The Dollar Extending Its Losses

The U.S. dollar index measures the greenback against a trade-weighted basket of six major currencies. It fell by 1.2% to 103.64

A double helping of Fed hawkishness and a wobble in the global economy supported the dollar. But there aren’t signs that either of these conditions is shaping up for a reversal, likely signaling the dollar has further to run.

FX strategists expect the USD to remain strong; neither a dovish pivot nor a marked improvement in global growth expectations appears likely in the near term; Morgan Stanley said in a note.

The Fed raised rates by 0.75% on Wednesday and set a course for a steeper path of rate hikes. The central bank now expects to raise rates by another 1.5%, or 150 basis points, to about 3.4% by year-end. That was far steeper than the Fed’s projections in March; when it saw rates moving to about 1.9% by the end of the year.

Bringing Inflation Down

Fed Chairman Jerome Powell conceded that the central bank’s hand was twisted into a more significant hike by inflation data, surprising the upside. Some on Wall Street believe Powell hasn’t yet gotten a grip on how much longer inflation will likely run hot.

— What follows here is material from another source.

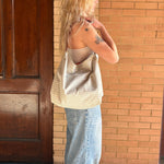 My favorite thing about our Market Totes is how nice and roomy they are, while still being super lightweight. Perfect for a day at the beach, grocery shopping, or just running around town. This tote is made from up-cycled, and rewoven denim, from our friends at The New Denim Project. With a full grain leather shoulder strap, and a hidden magnet at the top.
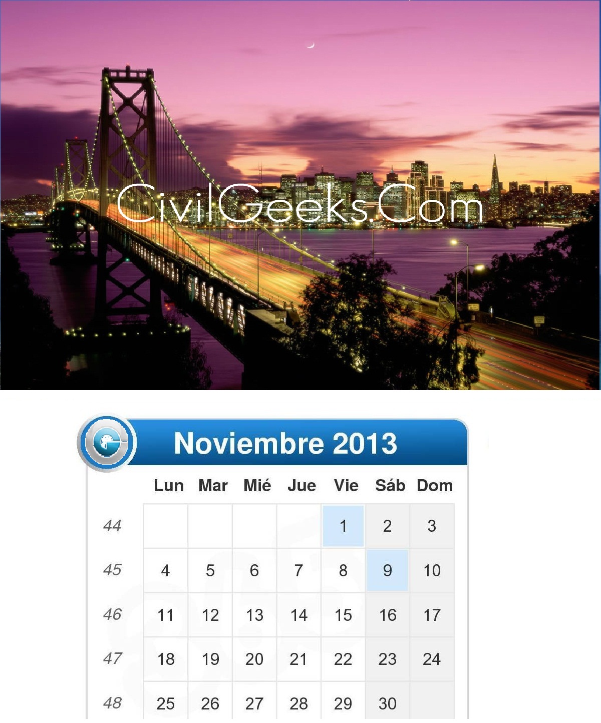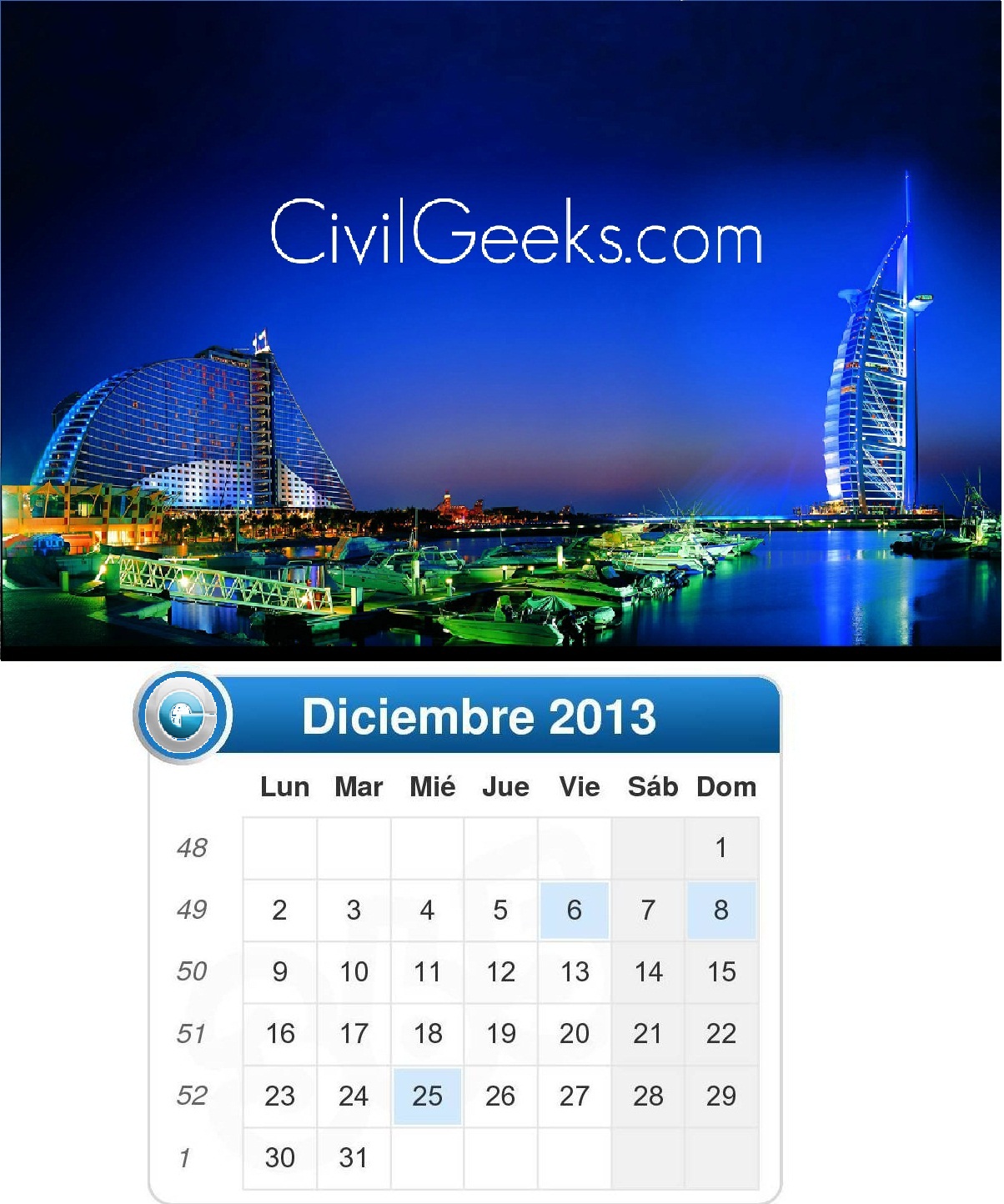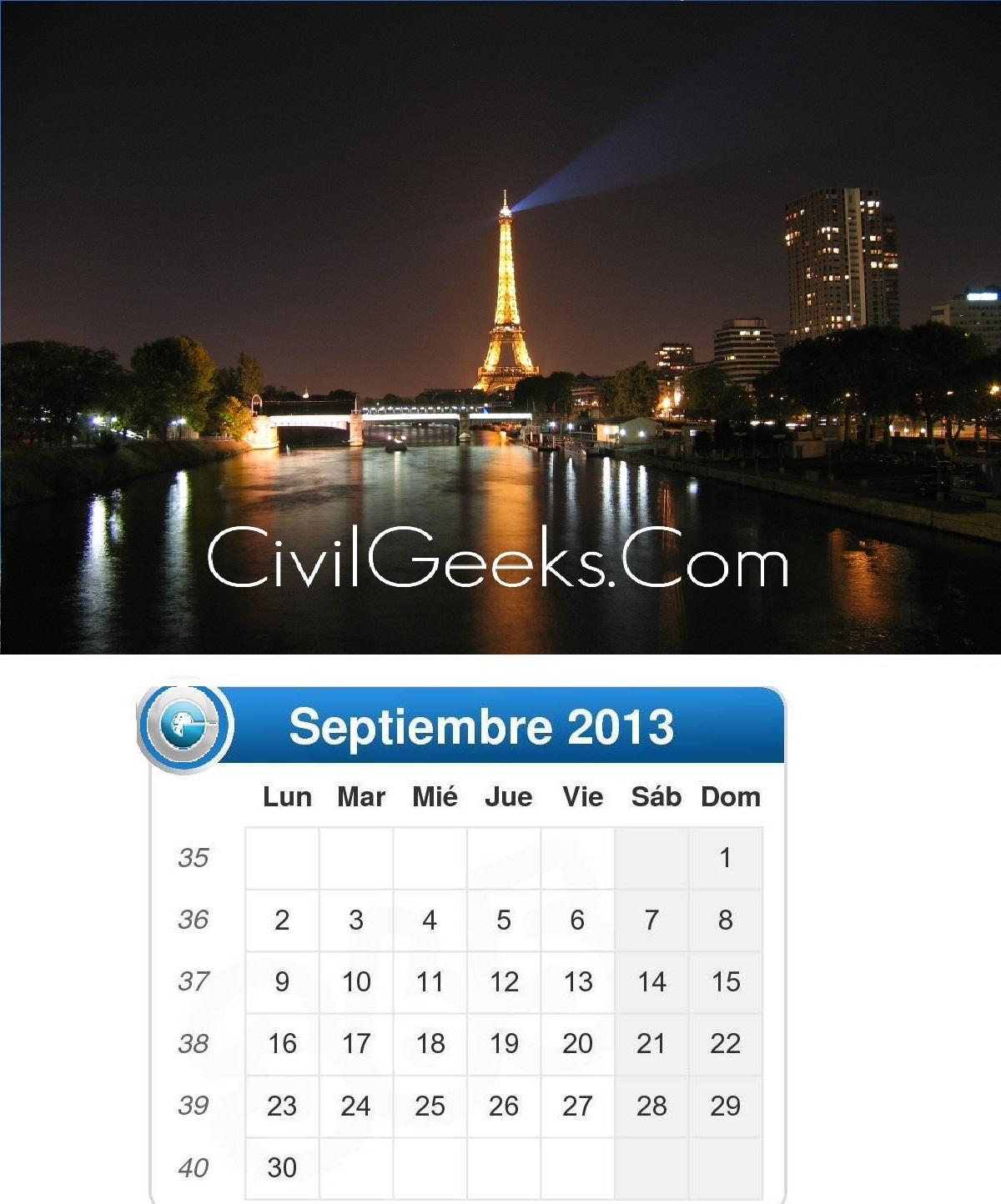CALENDARIO OFICIAL 2013 DE LA PAGINA WEB CivilGeeks.Com

If the Fed finds itself staring down the barrel of an inflation surprise once again, it will have to extend its forecast on how much further rates will need to move before peaking; the so-called terminal rate, to bring down inflation.

The central bank currently expects to put its rate hike tool back into the monetary policy toolbox when its benchmark rate reaches 3.5% to 4.5%. Suppose inflation continues to run above 8% for the rest of the year, as some market participants expect. In that case, the Fed may have to raise its terminal rate to 4.5% to 5%.